Table: Before and after modernization (according to OpenMetal)
| Indicator | Before (NL region) | After (Amsterdam with OpenMetal) |
|---|---|---|
| Servers in operation | ~40 | 8 |
| Hardware age | 8–10 years (many nodes) | Modern “enterprise” hardware |
| Clients per node (8 GB VDS plan) | 4 | 64 |
| VM density | Baseline | x16 |
| Monthly infrastructure cost | Baseline | -70% |
| API/orchestration changes | — | “Zero modifications” |
| Reference node specs | Not detailed | 2× Xeon Gold, 512 GB DDR5, 6.4 TB NVMe Gen4 |
“Drop-in infrastructure”: modernizing without replatforming
A key point of the announcement lies not in speed but in risk. OpenMetal claims that RamNode did not have to modify its orchestration, APIs, provisioning, billing logic, or automation. Put simply: they changed the ground beneath their feet without altering the building.
This approach aligns with industry reality: many providers can’t afford a migration that involves rebuilding the stack (new panel, new workflows, network model changes, etc.). The priority is often to “replace the bottleneck” (hardware and storage) while maintaining customer experience and business operation intact.
Todd Robinson, president of OpenMetal, describes it as the advantage of combining modern hardware with a flexible approach: achieving significant gains in economy and performance without the complexity of replatforming.
The behind-the-scenes: NVMe, consolidation, and VM costs
For a non-technical reader, let’s break it down: why can a server change cut costs so dramatically?
- Fewer servers, less everything: less space, fewer ports, less maintenance, fewer parts that can fail.
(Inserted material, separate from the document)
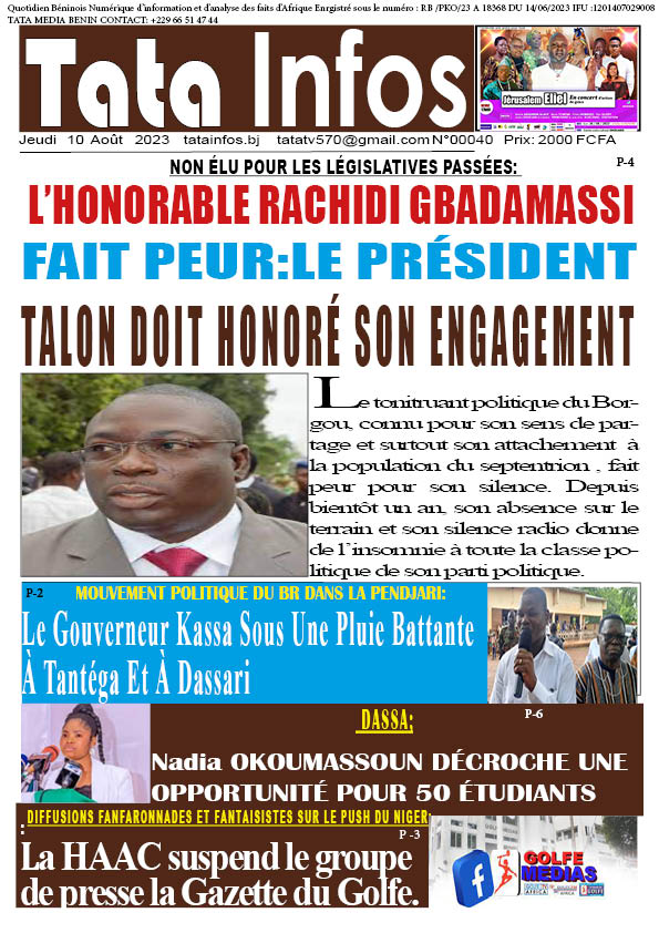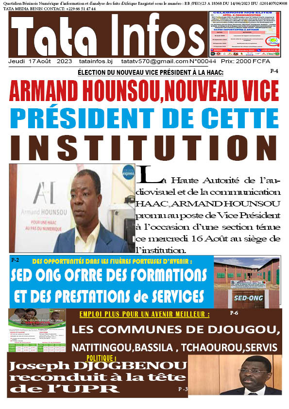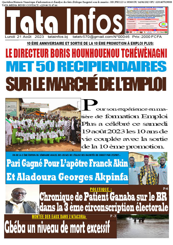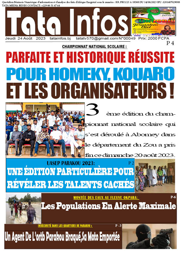 recevez le journal de tata infos de ce mercredi 23 Aout 2023

- Higher performance per watt: newer generations typically deliver more work per unit of energy.
- NVMe storage: reduces latency and I/O queues; in “cheap” VPSes, storage is often the biggest bottleneck.
- More density = better margins: if a node supports more clients while meeting SLAs, the unit cost decreases.
OpenMetal adds that, following this achievement, RamNode is considering expanding to other locations, including Singapore, as part of its growth strategy.
Frequently Asked Questions
What does “VM density” mean, and why does it matter in VPS/VDS?
It’s the number of virtual machines (or clients) a physical server can host with acceptable performance. Higher density generally means lower cost per customer… as long as service quality isn’t compromised.
Does NVMe Gen4 really make a difference in a hosting server?
It’s especially noticeable with workloads involving many small operations (databases, builds, containers, control panels). The key isn’t just peak speed, but also latency and sustained performance.
Are bare metal and “cloud” mutually exclusive?
Not necessarily. Bare metal is physical dedicated hardware; on top of that, you can run virtualization, private cloud, platforms like OpenStack, Kubernetes, etc. Many providers combine both approaches.
Can an entire region be migrated without changing APIs or automation?
Yes, if the migration is approached as replacing underlying infrastructure (hardware/network/storage) while keeping the control plane, provisioning, and workflows intact. OpenMetal affirms this was the case with RamNode.